Stepper Motor Driver

The stepper motor interface board was built by Bret Victor for his ditch day stack. If a stepper motor is ever needed for the Coke machine, well, we've got one. The reason a PAL is used instead of a 374 is that I had a ton of 20V8's lying around, so it was cheaper than buying a new chip. There are two boards. The board on the right goes near the controller board, and is attached via a very long ribbon cable to the board on the left, which goes near the actual motor. The board near the motor requires an external power supply (9-12VDC or so, standard barrel connector with center ground).

Chip List

U1: PAL20V8 - latch to store the data bus on write cycles: latch.pds
U2: LM324 - op-amp to buffer the signals from the PAL.

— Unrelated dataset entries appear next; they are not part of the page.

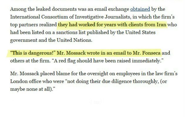El New York Times publicó un cruce de correos entre Jürgen Mossack y Ramón Fonseca Mora, que evidencia que los socios de la firma Mossack Fonseca sabían que hacían negocios “durante años” con “clientes peligrosos” de Irán, incluidos en una lista de empresarios con dineros mal habidos y con nexos con el terrorismo.
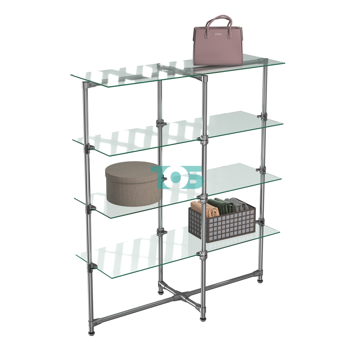 Четыре прозрачные полки из стекла 6 мм: Прочные стеклянные полки толщиной 6 мм, которые выдерживают значительные нагрузки и выглядят эстетично.
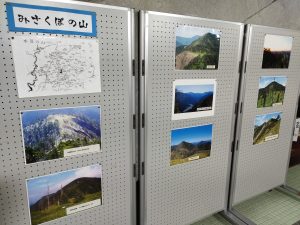 ホワイエには、「NPO法人山に生きる会」にご提供いただいた水窪町の山の写真とともに、同団体が選定した「水窪百山」の情報が展示されています。
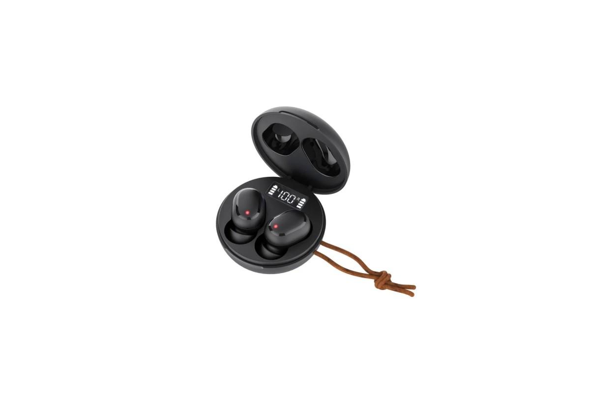 Светодиодный дисплей на зарядном футляре отображает заряд батареи каждого наушника и мощность зарядного кейса.

There are four TIP112 darlington transistors to drive the motor coils, and of course, protection diodes.

Use

Write a byte to any address to set the stepper motor pattern. Only the low four bits matter.

Notes

The motor itself has a connector with six wires in the following order: yellow, brown, grey, green, orange, red. Brown and orange are on either end of one coil, and green is the center-tap. Yellow and red are on either end of the other coil, and grey is the center-tap. The motor driver board is wired with the center-taps attached through resistors to positive voltage, and the ends of the coils attached to the collectors of the TIP112 power transistors. There is a protection diode across each half-coil, from coil end to center-tap.